> Your goal:
Repeat the records below exactly, beginning at the first line and finishing with the line that contains "На третьем месте".

> Records for processing:
^^^^^^^^^^^^^^^^

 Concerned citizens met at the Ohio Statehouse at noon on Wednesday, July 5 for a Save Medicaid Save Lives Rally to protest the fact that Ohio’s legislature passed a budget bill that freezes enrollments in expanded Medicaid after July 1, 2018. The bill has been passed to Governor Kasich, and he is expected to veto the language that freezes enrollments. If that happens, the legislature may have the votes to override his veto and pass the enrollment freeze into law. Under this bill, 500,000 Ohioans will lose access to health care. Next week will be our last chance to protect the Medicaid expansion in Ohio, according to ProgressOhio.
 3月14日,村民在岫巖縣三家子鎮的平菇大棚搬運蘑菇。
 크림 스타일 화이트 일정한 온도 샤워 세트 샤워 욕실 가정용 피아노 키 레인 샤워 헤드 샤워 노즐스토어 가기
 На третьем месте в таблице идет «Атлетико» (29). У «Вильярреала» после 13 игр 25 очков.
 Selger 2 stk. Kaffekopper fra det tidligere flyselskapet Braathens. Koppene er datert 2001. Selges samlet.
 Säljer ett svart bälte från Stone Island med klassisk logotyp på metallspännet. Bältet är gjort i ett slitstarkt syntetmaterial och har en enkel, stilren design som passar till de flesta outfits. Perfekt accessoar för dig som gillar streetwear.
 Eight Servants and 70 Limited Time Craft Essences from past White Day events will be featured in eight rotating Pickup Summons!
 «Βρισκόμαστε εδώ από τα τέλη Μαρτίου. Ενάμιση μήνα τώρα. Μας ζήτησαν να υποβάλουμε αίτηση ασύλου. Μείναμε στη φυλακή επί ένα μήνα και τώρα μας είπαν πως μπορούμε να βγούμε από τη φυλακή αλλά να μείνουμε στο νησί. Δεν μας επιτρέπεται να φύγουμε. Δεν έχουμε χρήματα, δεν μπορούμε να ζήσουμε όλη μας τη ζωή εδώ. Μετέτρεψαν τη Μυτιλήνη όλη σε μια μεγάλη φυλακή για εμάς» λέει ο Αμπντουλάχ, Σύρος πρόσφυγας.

^^^^^^^^^^^^^^^^

> Response below:
 Concerned citizens met at the Ohio Statehouse at noon on Wednesday, July 5 for a Save Medicaid Save Lives Rally to protest the fact that Ohio’s legislature passed a budget bill that freezes enrollments in expanded Medicaid after July 1, 2018. The bill has been passed to Governor Kasich, and he is expected to veto the language that freezes enrollments. If that happens, the legislature may have the votes to override his veto and pass the enrollment freeze into law. Under this bill, 500,000 Ohioans will lose access to health care. Next week will be our last chance to protect the Medicaid expansion in Ohio, according to ProgressOhio.
 3月14日,村民在岫巖縣三家子鎮的平菇大棚搬運蘑菇。
 크림 스타일 화이트 일정한 온도 샤워 세트 샤워 욕실 가정용 피아노 키 레인 샤워 헤드 샤워 노즐스토어 가기
 На третьем месте в таблице идет «Атлетико» (29). У «Вильярреала» после 13 игр 25 очков.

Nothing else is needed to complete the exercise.